How often do the models update?

@ramon,

The two things I have heard from Sense about model deployment over the years are:

  1. A new model for a device in your household is deployed when Sense has enough “confidence” in the model reliably and unambiguously detecting a device it has identified. But how that is measured and what the threshold is is confidential, though it’s gotta be some probabilistic confidence measure.

  2. The models are deployed via an automated process. There’s no human involved in looking at your inventory, and or initiating the push, though I’m sure some human interaction is involved in planning and maintaining “training cycles” for different models. And I would suppose that there are cases with new evolving models, where as Sense data scientist might deploy a model to some customer monitors just to check its behavior in-system.

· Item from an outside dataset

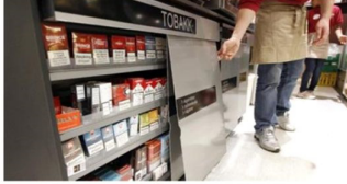
Cabinets with doors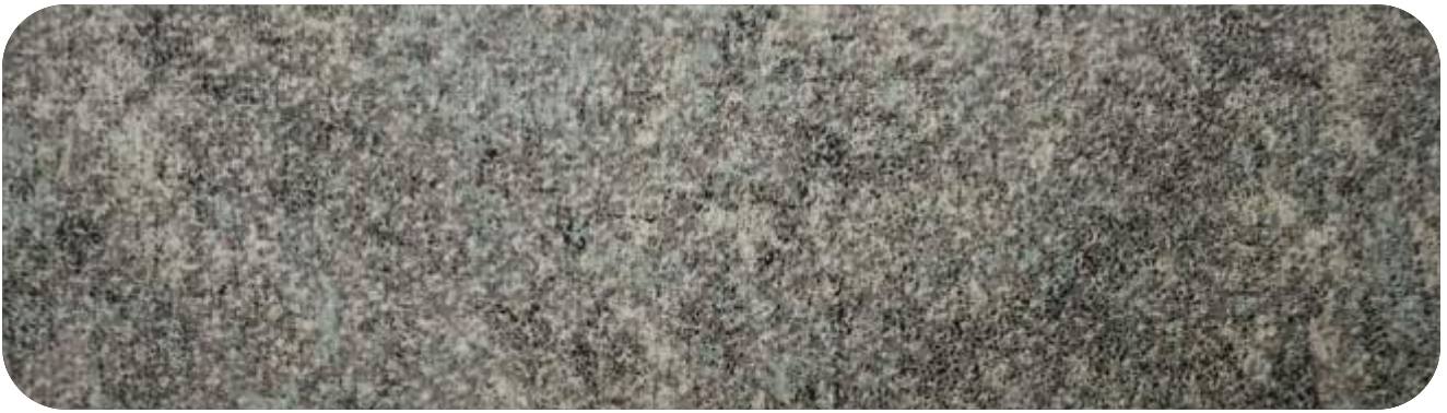
SYDNEY - 909

I would guess that things slow down for the same reason I speculated here:

Sense moves through the population of “interesting transitions”, building models and categorizing the easiest to unambiguously determine first. Those are the ones that happened with the greatest frequency of occurrence and greatest differentiation. In my mind, that means well-defined clustering in the 17+ dimension “feature space”. The greatest enemies of “detection” are probably:

  • Device on/off transitions that don’t pass the Sense monitor “transition filter” - for instance EV charging, mini-splits, and electronics power supplies. Sense has other ways for dealing with some of these.
  • Device transitions that are passed by the monitor, but form a big blobby cluster in the feature space that is too big to be one device and too undifferentiated to separate.
  • Two or more devices with nearly the same feature space. I have some heating elements in my house that get confused frequently. Several in-floor heaters of about the same wattage plus my dryer heating element on normal dry.